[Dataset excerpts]
════════

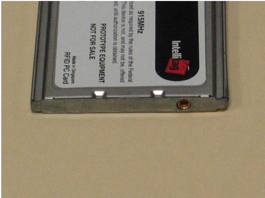
End of IM4 Card with RF Connector
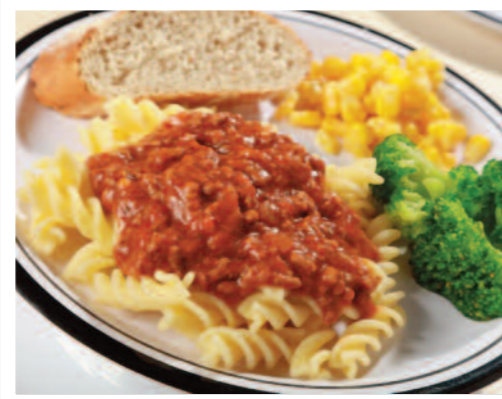
Pasta Bolognese served with Garlic & Herb Bread and Seasonal Vegetables
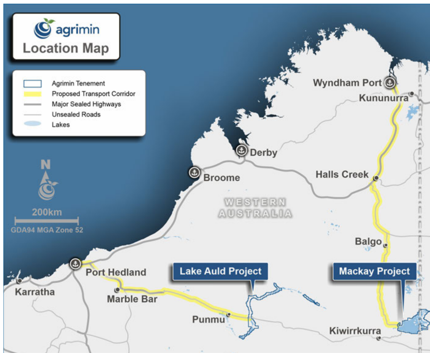
Figure 1: Map of Agrimin's Projects

Agrimin's planned SOP production can play a critical role in improving crop yields for farmers, particularly in the developing countries of South and Southeast Asia. The market for SOP is experiencing strong demand growth, driven in part by rising middle class populations who are consuming increasing amounts of fruit and vegetables.
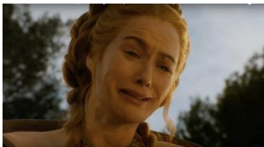
Figure 27 – Season 4, Episode 2

At Joffrey's wedding day in season four , he gets poisoned and dies in Cersei's arms. Her sadness and grief (figure 27) is closely followed by anger, hatred and the long for revenge (figure 28).
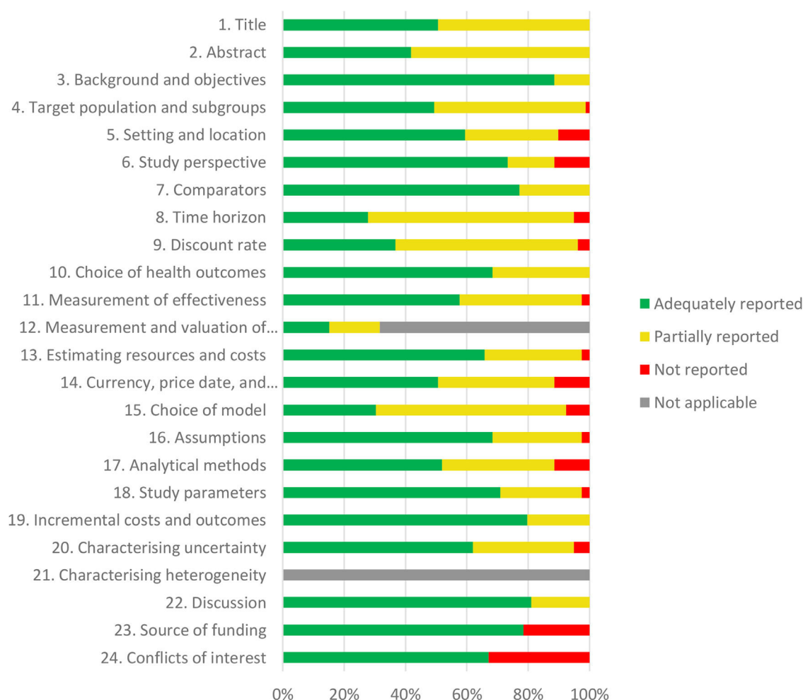
Fig. 3. Report quality assessment by CHEERS checklist of all included economic evaluations of CRC screening.

This systematic review comprehensively identified CRC screening economic evaluation studies in the average-risk population worldwide. In this research, the authors found 79 full economic evaluations on CCR screening in the average-risk population over 40 years old. The first publication's date was in 1991, and there was an increase in this research subject in subsequent decades. Indeed, it is well known that based on their effectiveness and cost-effectiveness, population-based programs
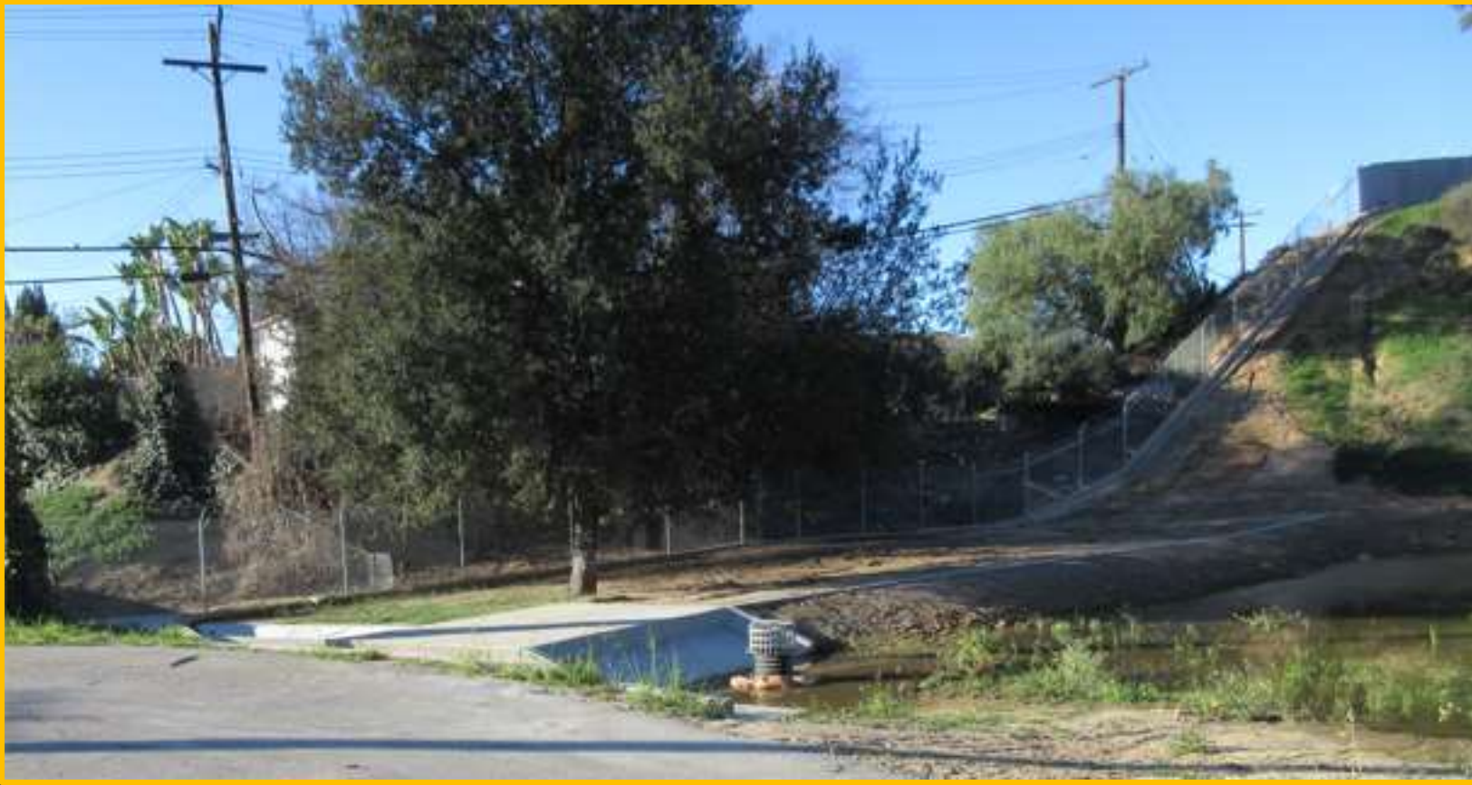
Garvey Area 8 – New Detention Basin and Perimeter Fencing
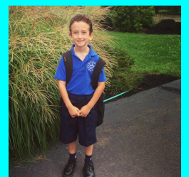
First day at school
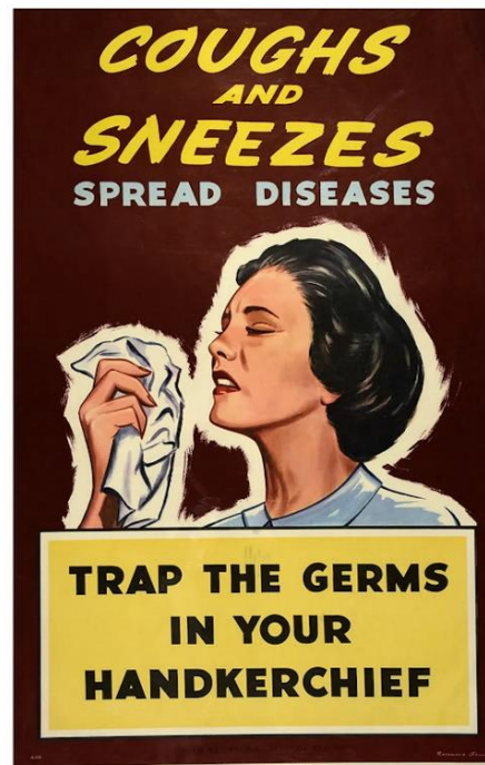
This 1960s poster from New Zealand urges us to use a hanky.

As long as you throw tissues away after using them, and don't leave them lying around for others to pick up, the chance of passing germs to others from a used tissue is far lower.
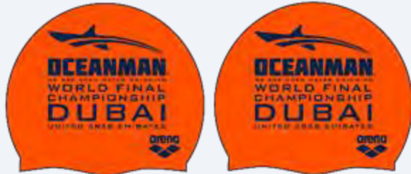
SPRINT WFC MALE
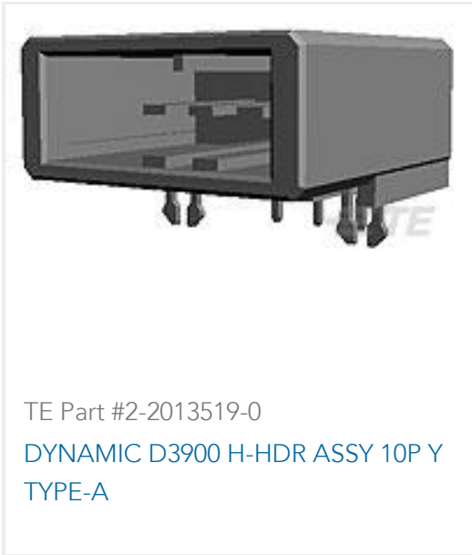
TE Part #2-2013519-0 DYNAMIC D3900 H-HDR ASSY 10P Y TYPE-A
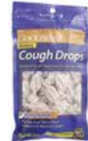
Cough Drops, Menthol
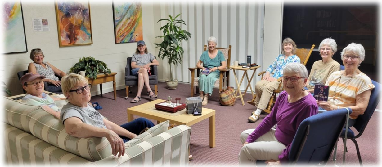
The No Guilt Book Club discussing The Lost Apothecary on June 9 th at the Fellowship House
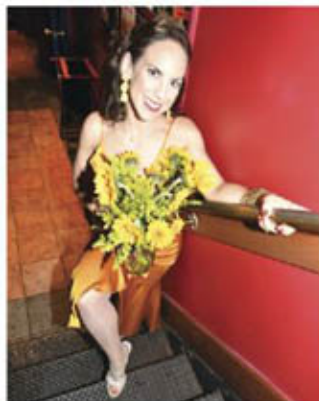
June 21, 2019 - Opening night of "The House that Built Me" at the Laurie Beechman Theatre
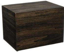
Mocha Hardwood Price: $225 Hardwood Batesville 255701 Size: 6"W x 5"D x 4"H Also available in light and medium wood
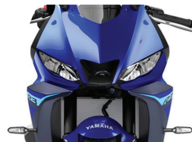
LED FLASHERS – FRONT & REAR
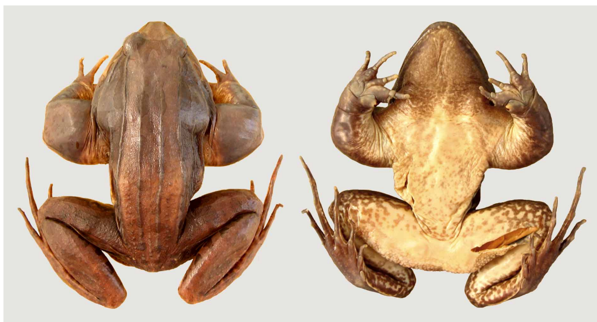
FIGURE 2. Leptodactylus latrans (Steffen, 1815), neotype (MNRJ 30733; 107.0 mm SVL), dorsal and ventral views.

Color: In preservative, general dorsal background color reddish gray; a distinct interocular black spot with two posterior lobes; scattered, rounded black spots on dorsum; a black spot on posterior side of arms; black spots, aligned across the dorsal surfaces of thighs, tibiae, and feet. A black stripe on canthus rostralis, between the nostril and the anterior corner of eye; loreal region uniformly gray, bordered below by small black, approximately triangular spots; border of maxilla gray with light gray spots. Ventral region white with scattered, unshaped small clear gray spots; gular region gray.
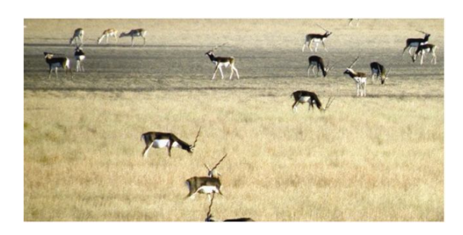
Figure 4. Male blackbucks on a lek, Velavadar National Park.
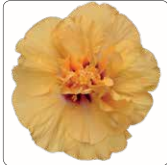
ADONICUS DB. YELLOW ®
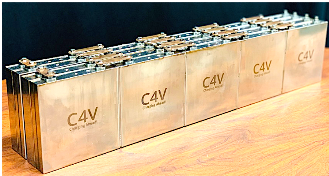
Battery pack designed for MARTAC by C4V team for Autonomous vehicle applications.
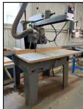
DELTA 33-072 RADIAL ARM SAW
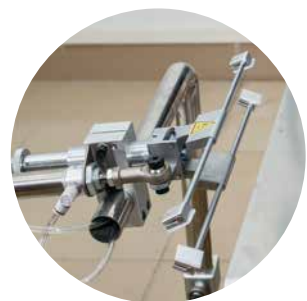
Auto collecting jig.
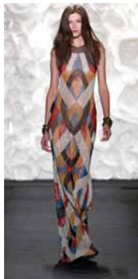
Naeem Khan, Dress, Spring / Summer 2015 Collection .
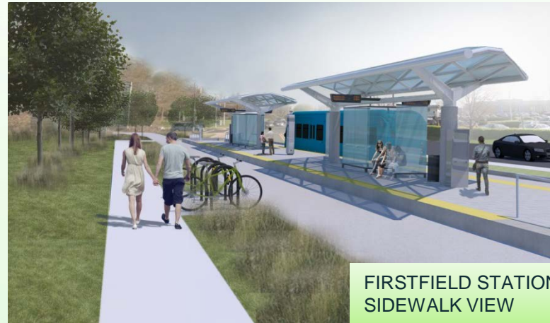
FIRSTFIELD STATION SIDEWALK VIEW
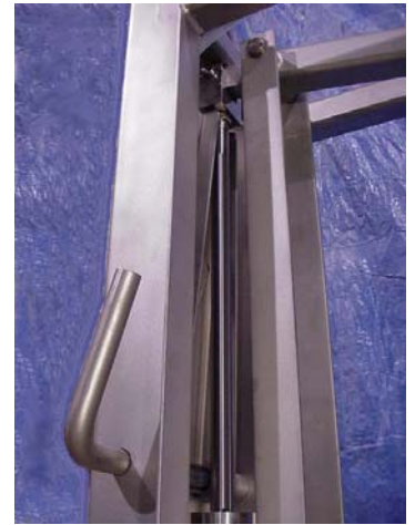
Fig. 3 Safety Lock linkage
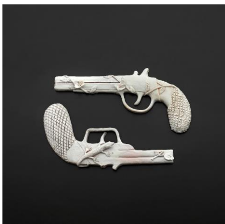
Gio Ponti Two pistol-form sculptures, circa 1951 Estimate: £4,000 - 6,000
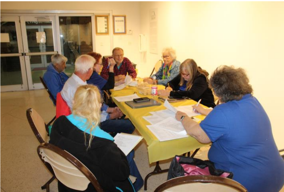
Our hard working Board of Directors, ... working hard. Doing whatever it is they actually do! ;) Hint.... They actually do quite a lot!
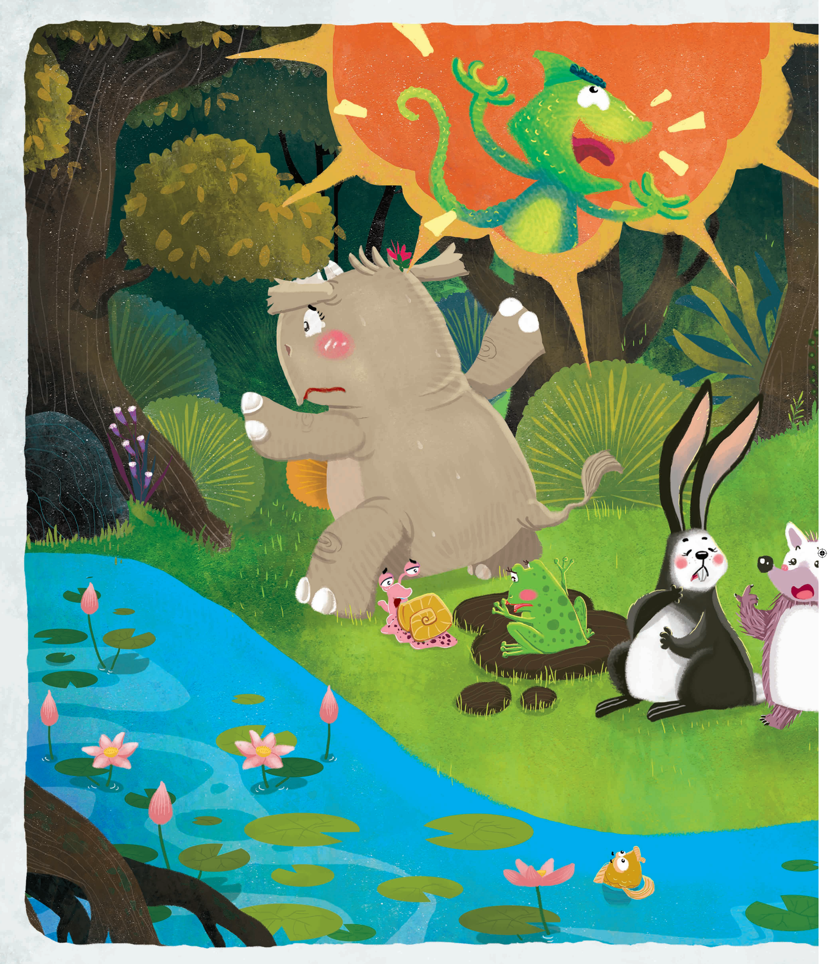
Only Gecko has still not been found. Rhino cannot find him anywhere.
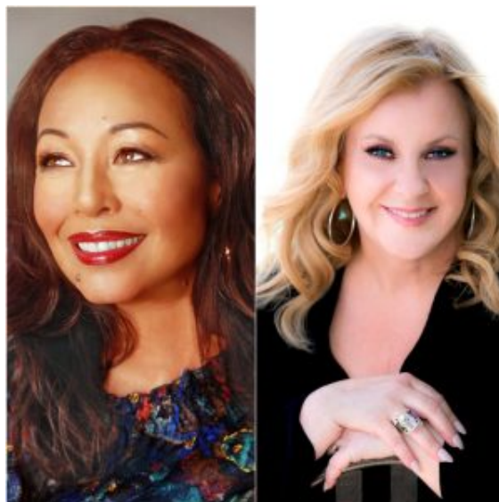
Yvonne Elliman (left) France Joli (right)

StarVista LIVE, the leader in nostalgia-based music cruise experiences, is adding a pair of classic dance music's legendary divas — Yvonne Elliman and France Jolie — to an already unprecedented superstar lineup for its newest uniquely themed voyage, the 2019 Ultimate Disco Cruise.
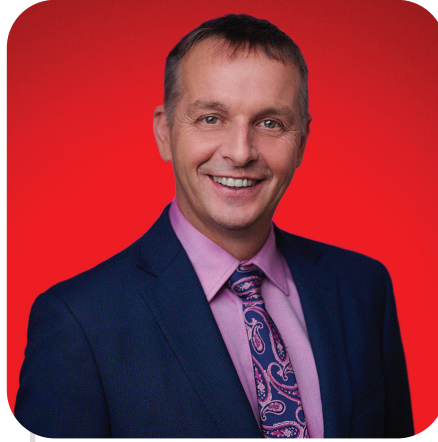
HON. DERRICK BRAGG

Minister of Immigration, Population Growth and Skills
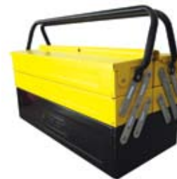
Tool Box 18" STANLEY1-94-738
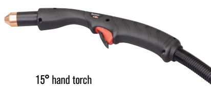
15° hand torch
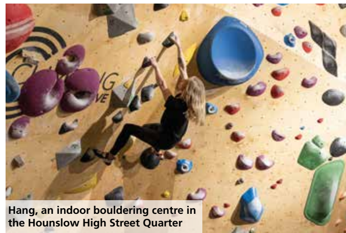
Hang, an indoor bouldering centre in the Hounslow High Street Quarter

with the rest of the borough. Advance for Growth will help supercharge our plans as a business, bringing our brand to people when they are out and about in the borough. We are proud to be born in Hounslow and one of the very first commercial tenants at the prestigious new High Street Quarter development.
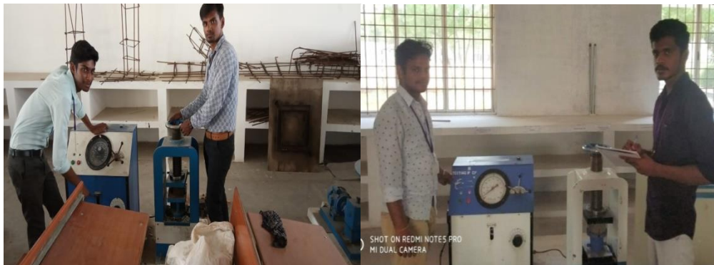
Figure 5.1 compressive test
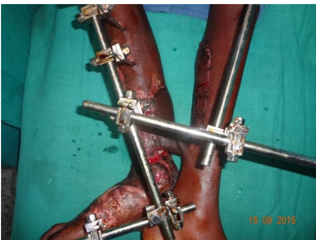
Figure 5b: Reverse superficial sural artery flap from left leg for covering the exposed tibia.
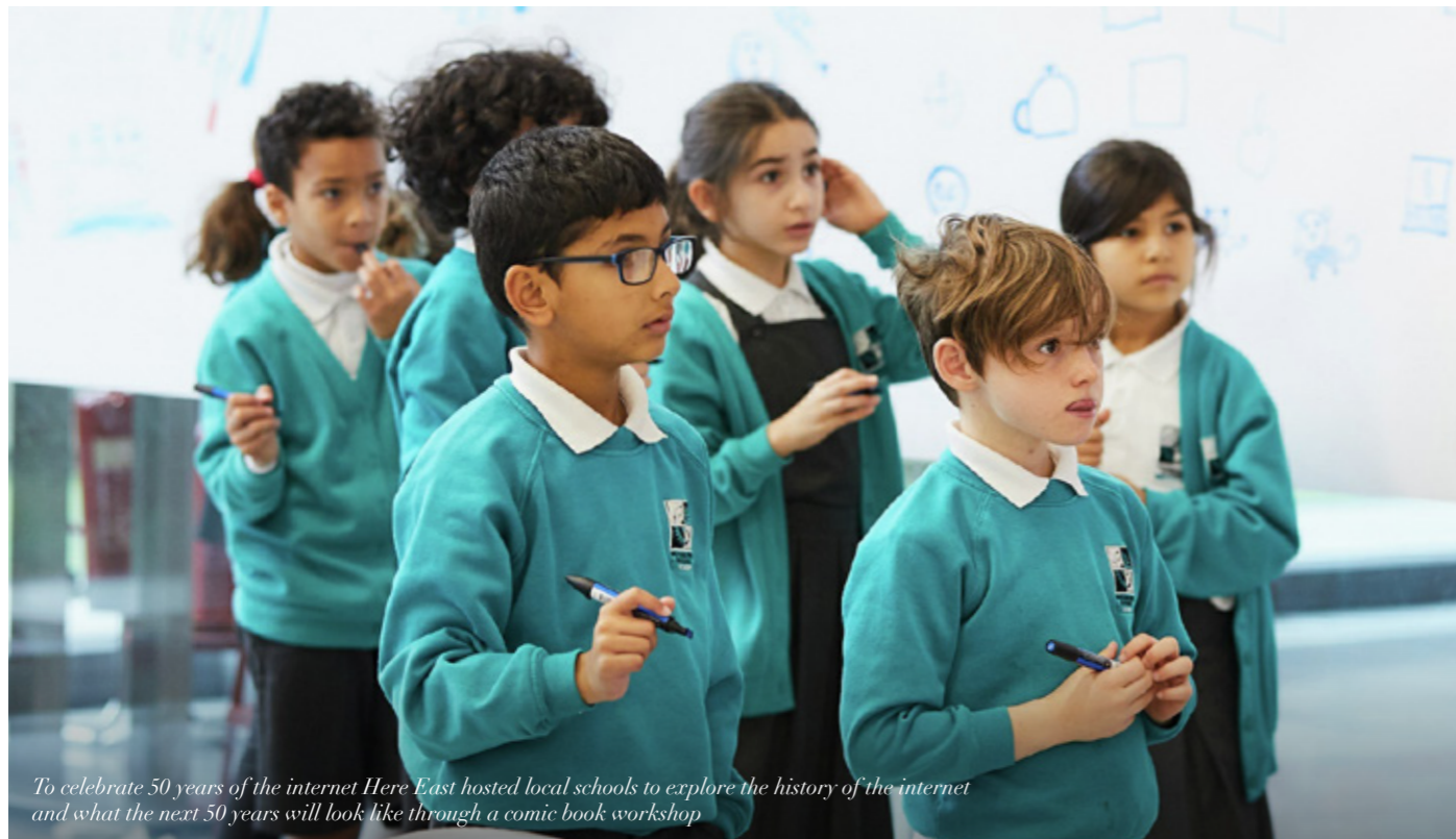
To celebrate 50 years of the internet Here East hosted local schools to explore the history of the internet and what the next 50 years will look like through a comic book workshop

In January 2021, Here East launched a new scholarship programme to support local young people in east London through higher education courses at the world-class universities based on campus - Staffordshire University London and LMA institution for media, music and performing arts. Open to secondary school pupils currently residing in Hackney, Newham, Tower Hamlets and Waltham Forest, the programme will deliver on-the-ground impact to the east London community and supporting the potential of young people in the area through the world-class institutions and business on the campus.
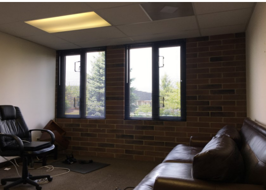
^ Room #112 ^

════════

• YOUR TASK
Copy the data verbatim, skipping any image it holds.

• EXPECTED OUTPUT
End of IM4 Card with RF Connector
Pasta Bolognese served with Garlic & Herb Bread and Seasonal Vegetables
Figure 1: Map of Agrimin's Projects

Agrimin's planned SOP production can play a critical role in improving crop yields for farmers, particularly in the developing countries of South and Southeast Asia. The market for SOP is experiencing strong demand growth, driven in part by rising middle class populations who are consuming increasing amounts of fruit and vegetables.
Figure 27 – Season 4, Episode 2

At Joffrey's wedding day in season four , he gets poisoned and dies in Cersei's arms. Her sadness and grief (figure 27) is closely followed by anger, hatred and the long for revenge (figure 28).
Fig. 3. Report quality assessment by CHEERS checklist of all included economic evaluations of CRC screening.

This systematic review comprehensively identified CRC screening economic evaluation studies in the average-risk population worldwide. In this research, the authors found 79 full economic evaluations on CCR screening in the average-risk population over 40 years old. The first publication's date was in 1991, and there was an increase in this research subject in subsequent decades. Indeed, it is well known that based on their effectiveness and cost-effectiveness, population-based programs
Garvey Area 8 – New Detention Basin and Perimeter Fencing
First day at school
This 1960s poster from New Zealand urges us to use a hanky.

As long as you throw tissues away after using them, and don't leave them lying around for others to pick up, the chance of passing germs to others from a used tissue is far lower.
SPRINT WFC MALE
TE Part #2-2013519-0 DYNAMIC D3900 H-HDR ASSY 10P Y TYPE-A
Cough Drops, Menthol
The No Guilt Book Club discussing The Lost Apothecary on June 9 th at the Fellowship House
June 21, 2019 - Opening night of "The House that Built Me" at the Laurie Beechman Theatre
Mocha Hardwood Price: $225 Hardwood Batesville 255701 Size: 6"W x 5"D x 4"H Also available in light and medium wood
LED FLASHERS – FRONT & REAR
FIGURE 2. Leptodactylus latrans (Steffen, 1815), neotype (MNRJ 30733; 107.0 mm SVL), dorsal and ventral views.

Color: In preservative, general dorsal background color reddish gray; a distinct interocular black spot with two posterior lobes; scattered, rounded black spots on dorsum; a black spot on posterior side of arms; black spots, aligned across the dorsal surfaces of thighs, tibiae, and feet. A black stripe on canthus rostralis, between the nostril and the anterior corner of eye; loreal region uniformly gray, bordered below by small black, approximately triangular spots; border of maxilla gray with light gray spots. Ventral region white with scattered, unshaped small clear gray spots; gular region gray.
Figure 4. Male blackbucks on a lek, Velavadar National Park.
ADONICUS DB. YELLOW ®
Battery pack designed for MARTAC by C4V team for Autonomous vehicle applications.
DELTA 33-072 RADIAL ARM SAW
Auto collecting jig.
Naeem Khan, Dress, Spring / Summer 2015 Collection .
FIRSTFIELD STATION SIDEWALK VIEW
Fig. 3 Safety Lock linkage
Gio Ponti Two pistol-form sculptures, circa 1951 Estimate: £4,000 - 6,000
Our hard working Board of Directors, ... working hard. Doing whatever it is they actually do! ;) Hint.... They actually do quite a lot!
Only Gecko has still not been found. Rhino cannot find him anywhere.
Yvonne Elliman (left) France Joli (right)

StarVista LIVE, the leader in nostalgia-based music cruise experiences, is adding a pair of classic dance music's legendary divas — Yvonne Elliman and France Jolie — to an already unprecedented superstar lineup for its newest uniquely themed voyage, the 2019 Ultimate Disco Cruise.
HON. DERRICK BRAGG

Minister of Immigration, Population Growth and Skills
Tool Box 18" STANLEY1-94-738
15° hand torch
Hang, an indoor bouldering centre in the Hounslow High Street Quarter

with the rest of the borough. Advance for Growth will help supercharge our plans as a business, bringing our brand to people when they are out and about in the borough. We are proud to be born in Hounslow and one of the very first commercial tenants at the prestigious new High Street Quarter development.
Figure 5.1 compressive test
Figure 5b: Reverse superficial sural artery flap from left leg for covering the exposed tibia.
To celebrate 50 years of the internet Here East hosted local schools to explore the history of the internet and what the next 50 years will look like through a comic book workshop

In January 2021, Here East launched a new scholarship programme to support local young people in east London through higher education courses at the world-class universities based on campus - Staffordshire University London and LMA institution for media, music and performing arts. Open to secondary school pupils currently residing in Hackney, Newham, Tower Hamlets and Waltham Forest, the programme will deliver on-the-ground impact to the east London community and supporting the potential of young people in the area through the world-class institutions and business on the campus.
^ Room #112 ^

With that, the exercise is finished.